Пехотная атака. Пикинеры сошлись. Я выныриваю под копья первой линии и устремляюсь вперед, держа в руках шпагу и подожженную гранату, дагу приходится взять в зубы. Напротив меня возникает парень моего возраста. Гранаты у него нет. Только два кинжала в обеих руках. Кажется, что-то в моем лице пугает его – он подается назад. Мне не до него – фитиль уже горит. Я вижу прореху – небольшую расщелину в стене ног, рук, нагрудников и сапогов. Я швыряю гранату и стыдно не добрасываю. Рычу и кидаюсь к ней.

В этот момент парень бросается на меня. Я прыгаю вперед, и он врезается в мои ноги. Граната в моих руках. Но должна-то она быть не в них, а в прорехе в строю противника. Есть способ точно доставить ее туда – швырнуть себя туда вместе с ней. Я долю мгновения думаю об этом, а потом что есть силы откидываю гранату куда-то в сторону врага.

Взрыв. У меня закладывает уши. Бука сидит на груди. Мама! Нянюшка! Прогони Буку!

Это не Бука – надо мной нависает этот парень. Он сидит сверху, но я не лошадь. Отчего он медлит? Смотрит на меня и медлит.

Кинжал, который дядя засунул за голенище моего сапога, оказывается в моей руке, и я бью противника в шею. Он уже мертв, только кровь все еще продолжает бить ритмичным фонтаном. Он падает на меня. Поля в Арденнах такие мягкие.

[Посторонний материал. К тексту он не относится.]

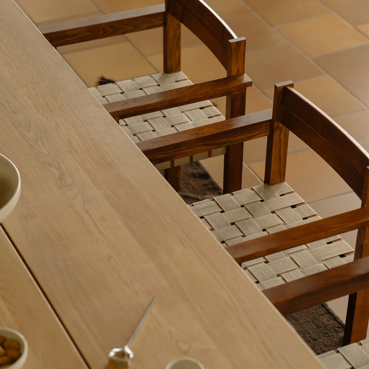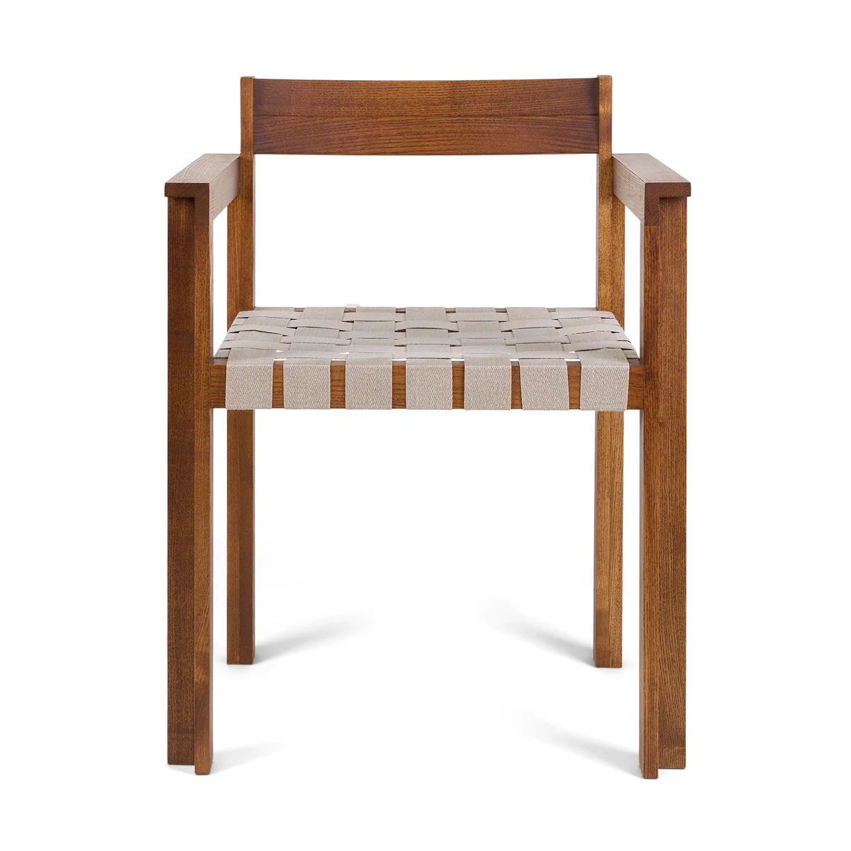 Der Symmetry Armlehnstuhl, entworfen von Studio 0405, vereint traditionelle Handwerkskunst mit modernem Minimalismus. Gefertigt aus gebeiztem Eschenholz in einem warmen Honigton und mit einer gewebten Sitzfläche, strahlt der Stuhl natürliche Eleganz und Leichtigkeit aus. Seine klare, aufrechte Form bietet stabilen Sitzkomfort – ob am Esstisch, im Wohnraum oder Büro. Die charakteristische Gurtbespannung sorgt für ein angenehmes Sitzgefühl und verweist auf klassische skandinavische Möbeltradition. Mit der Zeit entwickelt das Holz eine einzigartige Patina, die den Stuhl noch authentischer macht.

Звучат барабаны, а затем я вижу небо. Я не мертв, просто ряды пик оторвались друг от друга. Противник отступает. Мы выстояли. Отчего-то тяжело дышать. Небо заслоняют два лица. Я сжимаю в руках кинжал, ожидая худшего, а затем слышу высокий противный голос, явно принадлежащий простолюдину:

– Слышь че? Этот, кажись, живой! Давай-ка, дружок, неча тебе здеся валяться.

Кажется, по моим щекам текут слезы. Ничто, никакая самая лучшая баллада, сонет или пьеса, не трогали меня так сильно, как эти слова. Мне протягивают руки, и я протягиваю свои в ответ. Я жив. Жив!

– Диего!

Дядя стал совсем похож на ворона. Или на лису. Мне вдруг подумалось, что я никогда не видел его в облачении Рыцаря Справедливости. А ему бы сейчас пошел большой белый крест.

– Диего! Ты ранен?!

– А? Нет, дядя, это не моя кровь. Все нормально. Я хочу спать.

– Я знаю, сынок. Как книги?

Книги при мне. Они все время при мне. Я перетягиваю сумку со спины на живот и начинаю развязывать ее.

– Не надо.

Я подчиняюсь.

– Вот что, Диего, иди-ка ты в тыл.

– Конечно, дядя.

Я отступаю назад, дожидаюсь, пока он отъедет, и возвращаюсь на свое место. Враг снова придет, и нашим пикинерам снова нужно будет помочь.

На этот раз сначала следует пехотная атака. Снова небо из пик, снова снующие по этому рукотворному лабиринту мы – падальщики и охотники на падальщиков. На это раз у меня нет гранаты. Зато снова есть враг. Ублюдок валит на землю одного из моих братьев по оружию и бьет его ножом под доспех. Я налетаю на него со спины, но он, будто почуяв меня, отшатывается и встает против меня. У него в руках теперь одна шпага, а у меня шпага и дага. Почти правильный поединок, если не считать того, что мы оба согнулись в два раза.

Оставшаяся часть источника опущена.